Палец духа будто застыл в одном и том же положении.

– Дух! – вскрикнул Скрудж, вцепившись в платье призрака, выслушайте меня; я уже не тот человек, не буду тем человеком, каким был до встречи с вами… Зачем же вы мне показываете всё это, если для меня уже нет надежды?

В первый раз шевельнулась рука призрака.

– Добрый дух! – продолжал Скрудж, лежавший ничком: – походатайствуйте за меня, смилуйтесь надо мною. Удостоверьте меня, что я могу переиначить все эти образы, если переиначу мою жизнь?

Призрак благосклонно махнул рукой.

– Ото всего сердца буду чтить я святки, и буду ждать их круглый год. Буду жить в прошлом, в настоящем и в будущем: все вы три духа дали мне незабвенные уроки… О! скажите мне, что я могу стереть эту надпись с могильного камня!

Скрудж отчаянно ухватился за руку призрака: рука выскользнула было, но Скрудж сдавил ее, как клещами; однако же призрак всё еще был сильнее Скруджа, и оттолкнул его.

Подняв обе руки в последней мольбе об изменении своей участи, Скрудж заметил, что одежды духа становятся тоньше и тоньше, и сам дух постепенно преображается, и преобразился в занавесный столбик постели.

 

Пятая строфа

 

Действительно – это был занавесный столбик. Да. И столбик над собственной постелью Скруджа, и даже в собственной спальне Скруджа. Перед ним был целый день – оправиться и переменить образ жизни.

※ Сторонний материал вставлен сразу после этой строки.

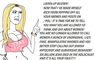 I will share only one story to show what WN 1.0 was like. On a certain large white nationalist forum, there was a very popular user named CelticMaiden88. Basically, most of the guys white knighted her on a regular basis, and she always got in the last word on any topic because she was strong on the holy trinity of WN 1.0: hate Negroes, blame Jews, and support government welfare and entitlements because half of the forum was on those anyway.

– Буду жить в прошлом и в настоящем… – повторил Скрудж, соскакивая с постели. – Врезались мне в память три духовные урока. О, Джэкоб Мэрлей! Да святится праздник Рождества Христова.

– Не сняты они, не сняты! – продолжал Скрудж, обнимая с рыданием постельные занавески. И кольца целы… И всё, что я видел, – греза!.. Он мял и переминал платье, сам не понимая, что делает.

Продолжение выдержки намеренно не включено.